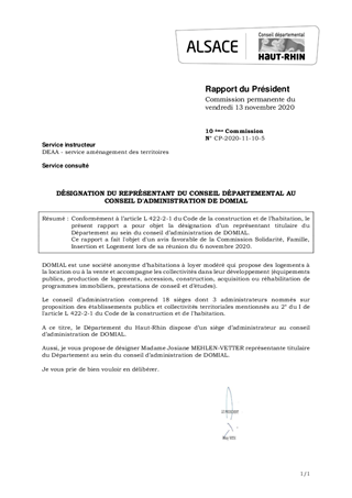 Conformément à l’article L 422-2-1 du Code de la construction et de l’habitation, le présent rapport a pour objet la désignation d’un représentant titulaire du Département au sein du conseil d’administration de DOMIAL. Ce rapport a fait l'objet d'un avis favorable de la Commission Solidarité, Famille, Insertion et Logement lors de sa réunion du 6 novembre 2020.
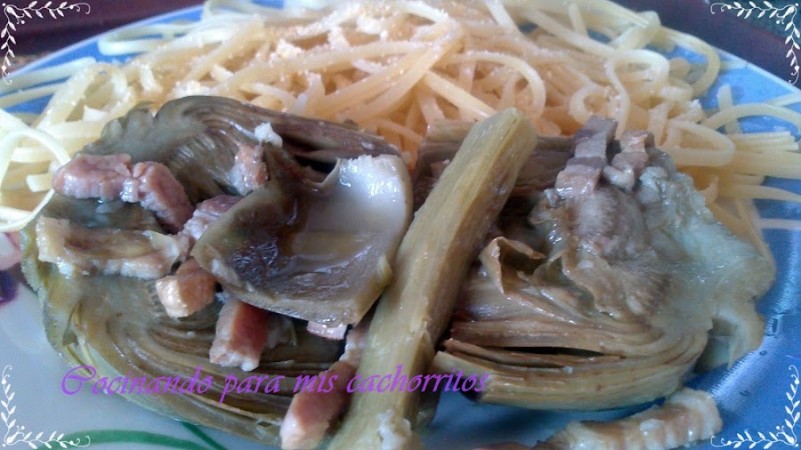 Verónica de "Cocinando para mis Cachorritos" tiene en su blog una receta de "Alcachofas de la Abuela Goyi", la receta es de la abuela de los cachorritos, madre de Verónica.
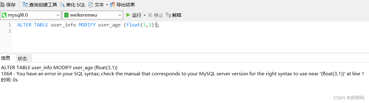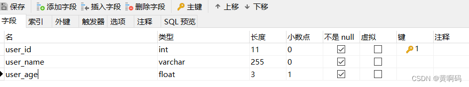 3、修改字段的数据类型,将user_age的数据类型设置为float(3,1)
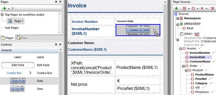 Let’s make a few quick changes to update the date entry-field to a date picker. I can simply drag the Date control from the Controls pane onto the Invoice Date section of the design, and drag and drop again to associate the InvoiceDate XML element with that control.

...

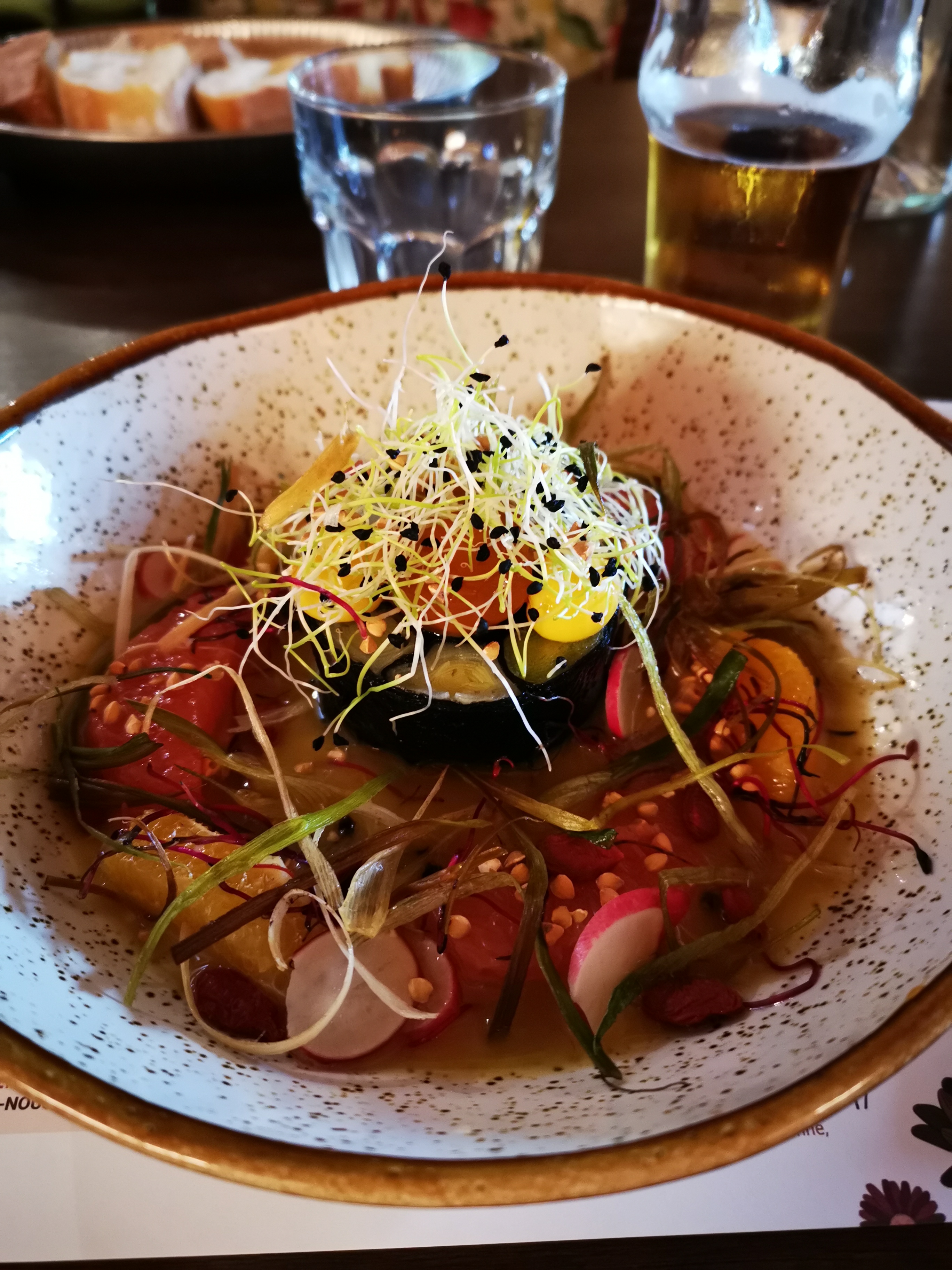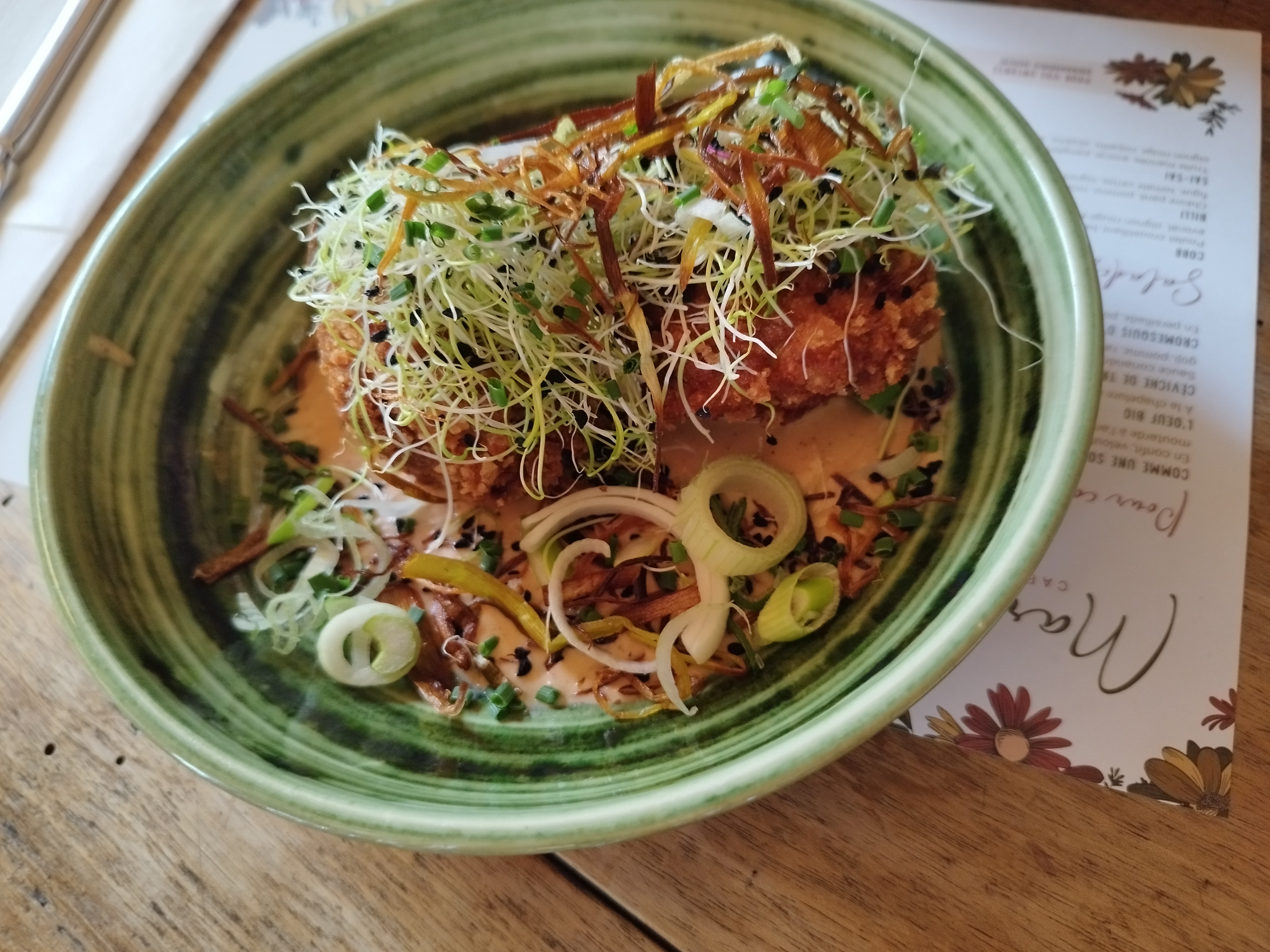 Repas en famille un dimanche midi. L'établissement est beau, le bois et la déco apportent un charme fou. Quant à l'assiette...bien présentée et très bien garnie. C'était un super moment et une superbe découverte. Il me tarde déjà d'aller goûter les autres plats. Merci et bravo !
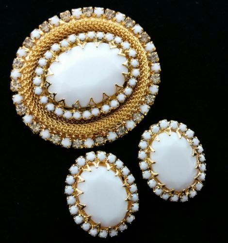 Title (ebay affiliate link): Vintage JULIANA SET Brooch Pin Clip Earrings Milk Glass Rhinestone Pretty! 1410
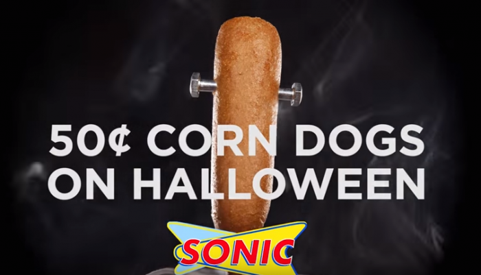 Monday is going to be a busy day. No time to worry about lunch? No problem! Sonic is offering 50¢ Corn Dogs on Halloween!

§ **Try it**
Among the entries above, locate the line with "Title (ebay affiliate" and the line with "Monday is going". Give those two lines and all lines between them again, exactly, leaving out the pictures.

§ **Solution to this task**
 Title (ebay affiliate link): Vintage JULIANA SET Brooch Pin Clip Earrings Milk Glass Rhinestone Pretty! 1410
 Monday is going to be a busy day. No time to worry about lunch? No problem! Sonic is offering 50¢ Corn Dogs on Halloween!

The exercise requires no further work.